Local rail transporters, however, say that the end of the Canadian Wheat Board monopoly would spell the end of shortline railroads that depend on CWB grains for 99 per cent of their cargo.

Local rail transporters, however, say that the end of the Canadian Wheat Board monopoly would spell the end of shortline railroads that depend on CWB grains for 99 per cent of their cargo. Lonny McKague of Omega-based Red Coat Road and Rail, which serves Weyburn and southern Saskatchewan, said that about 99 per cent of the producer cars are for CWB grains.

McKague predicts that if the CWB monopoly ends, the CWB will be dead within one year - and furthermore, that the shortline railways will be out of business a year after that, unless there is specific protection put in to continue to allow producer cars to be filled.

McKague said Ottawa also plans to cut the funding for the Canadian Grain Commission (which also governs the use of producer cars) in half, and those costs will in turn be passed onto farmers.

Weyburn, however, is not wholly dependent on the grain industry. It is also sharing in the oil and gas boom in southern Saskatchewan, which is expected to see a 17 per cent increase in oil drilling this year.

Much of the drilling takes place near Weyburn, where horizontal drilling has increased the life of the Weyburn-Midale oilfield by more than 30 years. Today, Weyburn has one of world's largest enhanced oil recovery operations and is the site of the largest geological greenhouse gas sequestration project in the world.

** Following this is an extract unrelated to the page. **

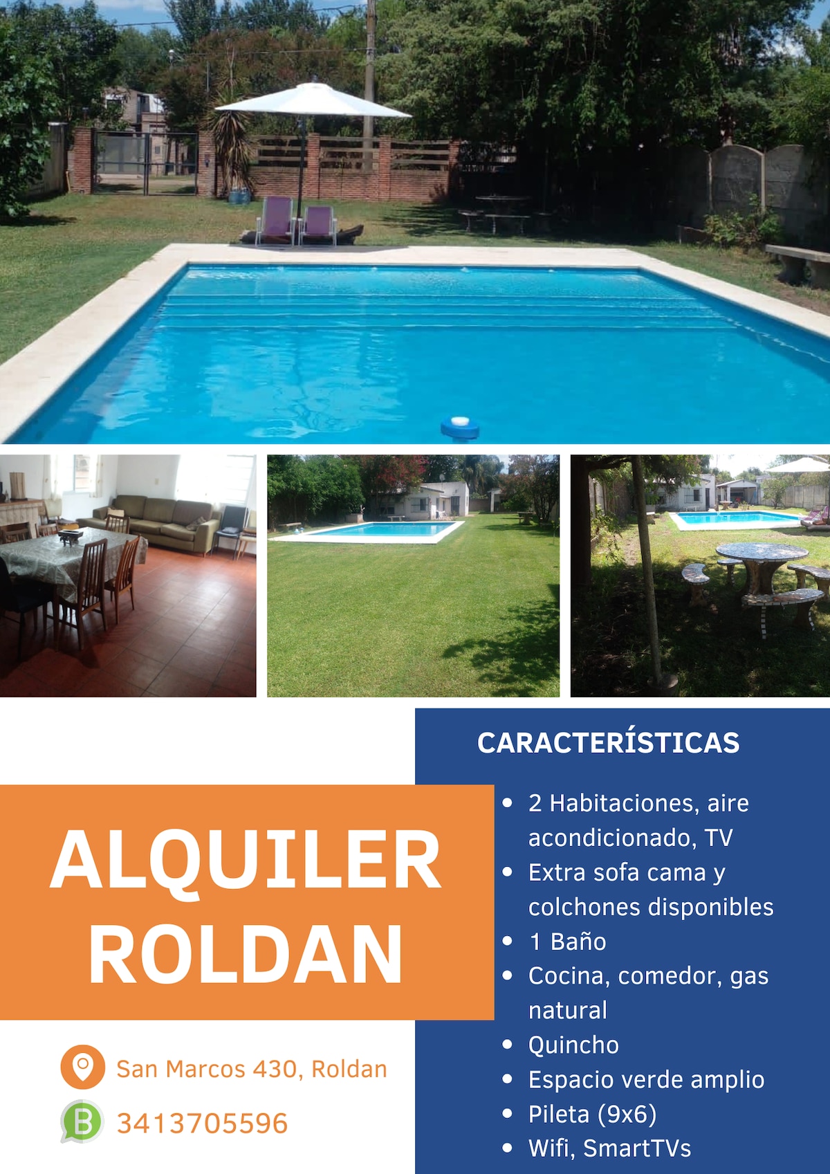 En barrio las tardes de Roldan con buenos accesos , plazas y espacios verdes. Casa quinta nueva, de 3 años, con amplio estar comedor, SMART TV, hogar a leña, sillones y barra, mesa y sillas para 6 personas, AA split y ventilador de techo en dormitorio, ventiladores portátiles, cocina completa, galería para disfrutar comidas al exterior, parrillero cubierto con implementos. Piscina con iluminacion , filtro aut. reposeras y tumbona El parque esta cercado, con plantas, flores Alarma.

Weyburn has matured into more than a farm or oil town in its 109-year history, however. It is the headquarters of the Sun County Health Region, has 10 schools, six recreational facilities, three art centres and one of Saskatchewan's newest urban park developments.

Meanwhile, the oil boom has driven the residential vacancy rate to near zero, and the city is scrambling to provide more building lots to meet demand for housing.